- WHAT TO PRODUCE -
Write out the entries exactly. None of the pictures should appear in the copy.
START DATA FOR ANALYSIS
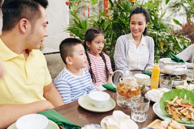 Мальчик читает стихотворение на семейном ужине
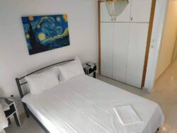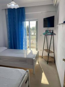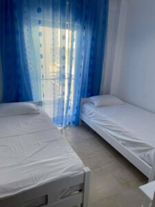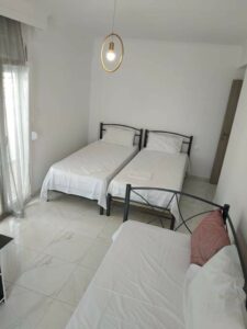 Апартманот е наменет за 5 лица.Се наоѓа на 30м од плажа.Има две спални соби во едната има брачен кревет а во другата соба има 3 единечни кревети.Бања,тераса и кујната која е целосно опремена за приготвување на лесна храна.
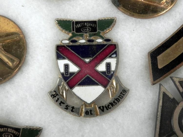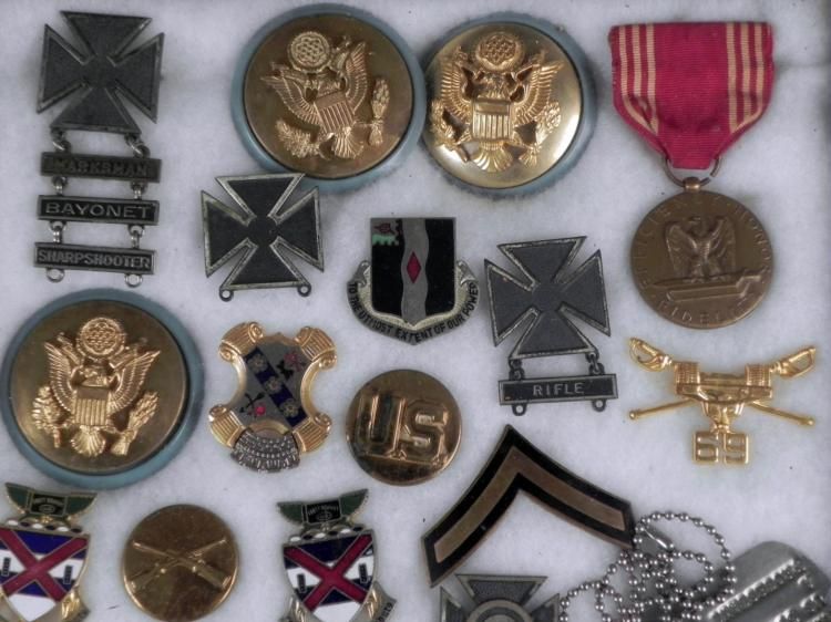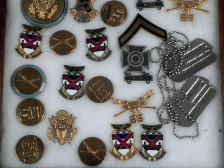 OFFERED HERE IS A LARGE FRAMED COLLECTION OF U.S. MILITARIA, FROM WWII THRU VIETNAM. THIS 9X11" FRAMED COLLECTION OF U.S. MILITARY ORIGINAL ITEMS INCLUDES EXPERT QUALIFICATION BADGES WITH BARS ATTACHED, VISOR CAP INSIGNIA, DOG TAGS, UNIFORM INSIGNIA, DISTINCTIVE * INSIGNIAS (DI'S), WWII MEDAL W/RIBBON, ETC. IT IS A GREAT DISPLAY ROOM PIECE. *
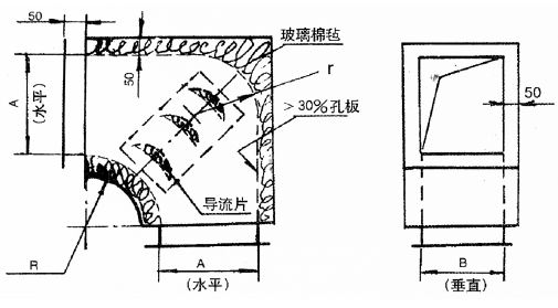 • ZWB型消聲彎管是使風管短邊B拐彎90度,并具有一定消聲作用的彎管,其拐彎半徑為風管內壁長邊A,吸聲材料厚為50和100mm。
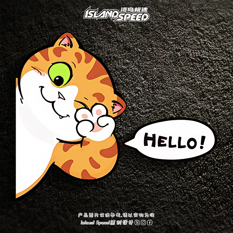 招吉猫可爱探头打招呼汽车贴纸创意卡通装 饰防水车窗边贴画
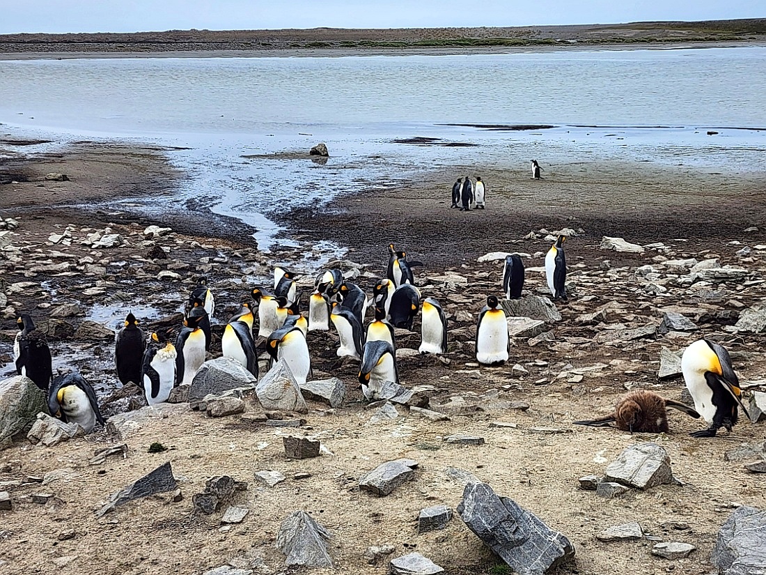 Manchots Royaux, la deuxième plus grande espèce après le Manchot Empereur. L'adulte mesure entre 85 et 95 cm et pèse entre 12 et 14 kg
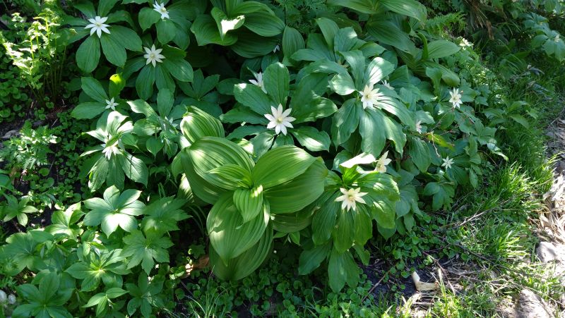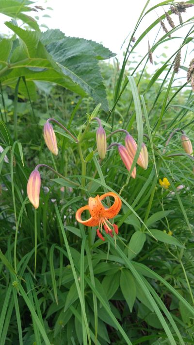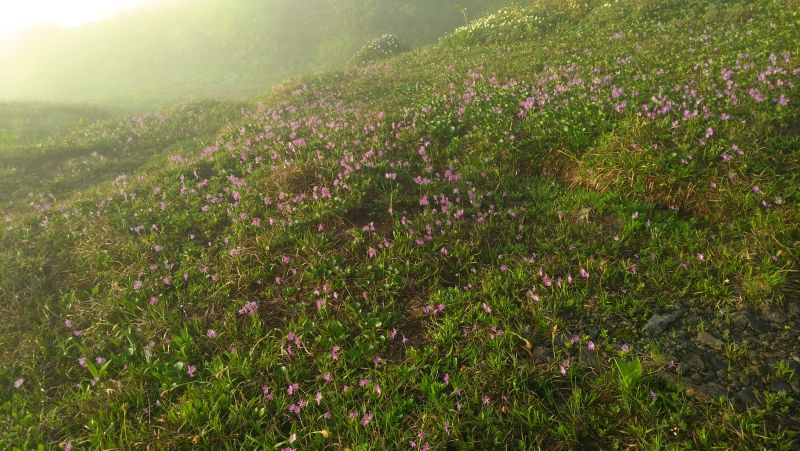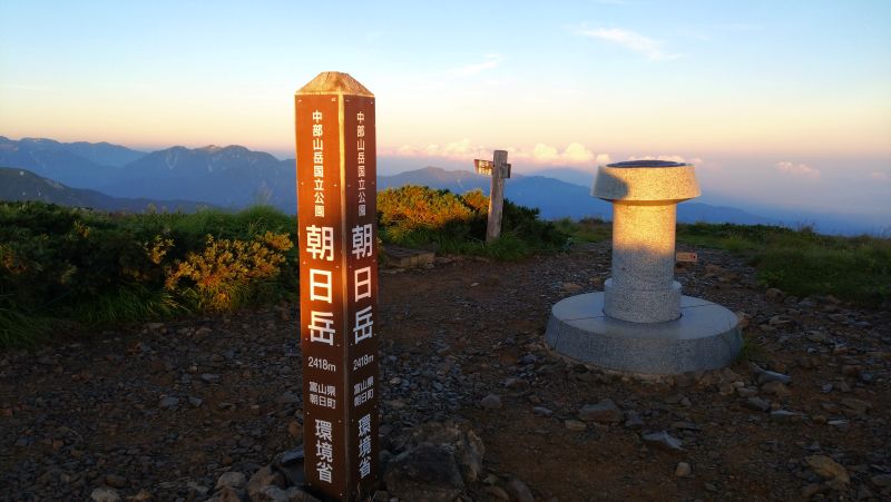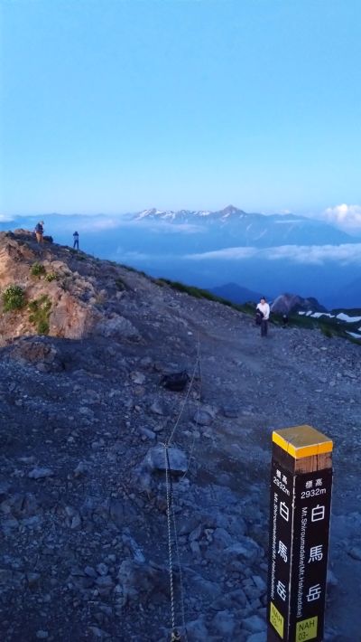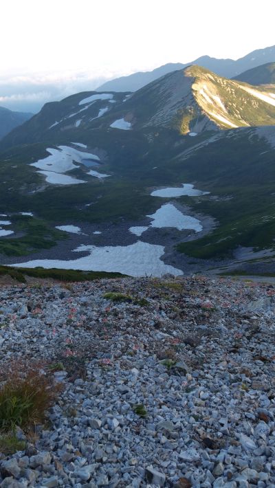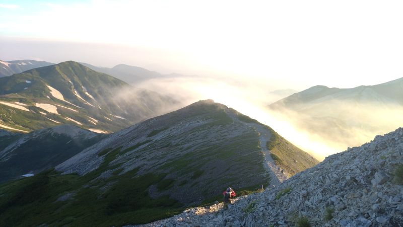 | 3日目3時半に小屋を出る。40分も歩くとだいぶ明るくなってきてヘッデンを消した。当初の予定を少し早めての出発だったが朝日岳山頂で朝日(ここでは朝日)が拝めたのだ。朝日小屋のご主人に感謝!山頂下には残雪があったがアイゼンは着けずに慎重に下る。栂海新道の分岐で朝食をとる。朝日小屋は朝食がないが御握りとパンの販売がある。ますの鮓400円を買ってみたが美味しかった。今日も晴天、展望もよく昨日横を通過した赤男山、朝日、雪倉、小蓮華、新潟側は苗場までよく見えた。しかし展望と花を楽しみ過ぎて遅れてしまう、少し早く出ただけなのに余裕のつもりでゆっくりしてしまった。メンバーに誤り早足をお願いする。五輪高原1700m辺りから谷を挟んで目的地の蓮華温泉の建物が同じ位の標高で小さく見える。(実際は1450m)登り返しがきつそう・・見えない方が良かった。景色のいい木道を沢山の人が登って来る。今日は金曜明日からも天気は良さそうだ。白高地沢で予定の時間を取り戻し温泉に1時間入る事ができたFTさんとMNさんは余裕でスイカを食べていた。バスで糸魚川に行きそうめんを食べて帰路につく。 今回は天気の心配が全くなかった。花の時期が合い沢山の花園を見れた。3日とも晴れで暑さにやられたので対策する必要を感じた。山行中、先の道の形状を確認したり時間を調べて下さったり、常に地図を広げてくれた頼もしいサブリーダーFTさん、暑さ慣れしていないせいで食欲が落ちたにも係わらず3日間普通に歩き通してくれたMNさん、とても楽しい素晴らしい山行でした。集中連絡を引き受けて下さいましたHDさん 皆様ありがとうございました。 KD |
END DATA FOR ANALYSIS
- RESPONSE BELOW -
 Мальчик читает стихотворение на семейном ужине
 Апартманот е наменет за 5 лица.Се наоѓа на 30м од плажа.Има две спални соби во едната има брачен кревет а во другата соба има 3 единечни кревети.Бања,тераса и кујната која е целосно опремена за приготвување на лесна храна.
 OFFERED HERE IS A LARGE FRAMED COLLECTION OF U.S. MILITARIA, FROM WWII THRU VIETNAM. THIS 9X11" FRAMED COLLECTION OF U.S. MILITARY ORIGINAL ITEMS INCLUDES EXPERT QUALIFICATION BADGES WITH BARS ATTACHED, VISOR CAP INSIGNIA, DOG TAGS, UNIFORM INSIGNIA, DISTINCTIVE * INSIGNIAS (DI'S), WWII MEDAL W/RIBBON, ETC. IT IS A GREAT DISPLAY ROOM PIECE. *
 • ZWB型消聲彎管是使風管短邊B拐彎90度,并具有一定消聲作用的彎管,其拐彎半徑為風管內壁長邊A,吸聲材料厚為50和100mm。
 招吉猫可爱探头打招呼汽车贴纸创意卡通装 饰防水车窗边贴画
 Manchots Royaux, la deuxième plus grande espèce après le Manchot Empereur. L'adulte mesure entre 85 et 95 cm et pèse entre 12 et 14 kg
 | 3日目3時半に小屋を出る。40分も歩くとだいぶ明るくなってきてヘッデンを消した。当初の予定を少し早めての出発だったが朝日岳山頂で朝日(ここでは朝日)が拝めたのだ。朝日小屋のご主人に感謝!山頂下には残雪があったがアイゼンは着けずに慎重に下る。栂海新道の分岐で朝食をとる。朝日小屋は朝食がないが御握りとパンの販売がある。ますの鮓400円を買ってみたが美味しかった。今日も晴天、展望もよく昨日横を通過した赤男山、朝日、雪倉、小蓮華、新潟側は苗場までよく見えた。しかし展望と花を楽しみ過ぎて遅れてしまう、少し早く出ただけなのに余裕のつもりでゆっくりしてしまった。メンバーに誤り早足をお願いする。五輪高原1700m辺りから谷を挟んで目的地の蓮華温泉の建物が同じ位の標高で小さく見える。(実際は1450m)登り返しがきつそう・・見えない方が良かった。景色のいい木道を沢山の人が登って来る。今日は金曜明日からも天気は良さそうだ。白高地沢で予定の時間を取り戻し温泉に1時間入る事ができたFTさんとMNさんは余裕でスイカを食べていた。バスで糸魚川に行きそうめんを食べて帰路につく。 今回は天気の心配が全くなかった。花の時期が合い沢山の花園を見れた。3日とも晴れで暑さにやられたので対策する必要を感じた。山行中、先の道の形状を確認したり時間を調べて下さったり、常に地図を広げてくれた頼もしいサブリーダーFTさん、暑さ慣れしていないせいで食欲が落ちたにも係わらず3日間普通に歩き通してくれたMNさん、とても楽しい素晴らしい山行でした。集中連絡を引き受けて下さいましたHDさん 皆様ありがとうございました。 KD |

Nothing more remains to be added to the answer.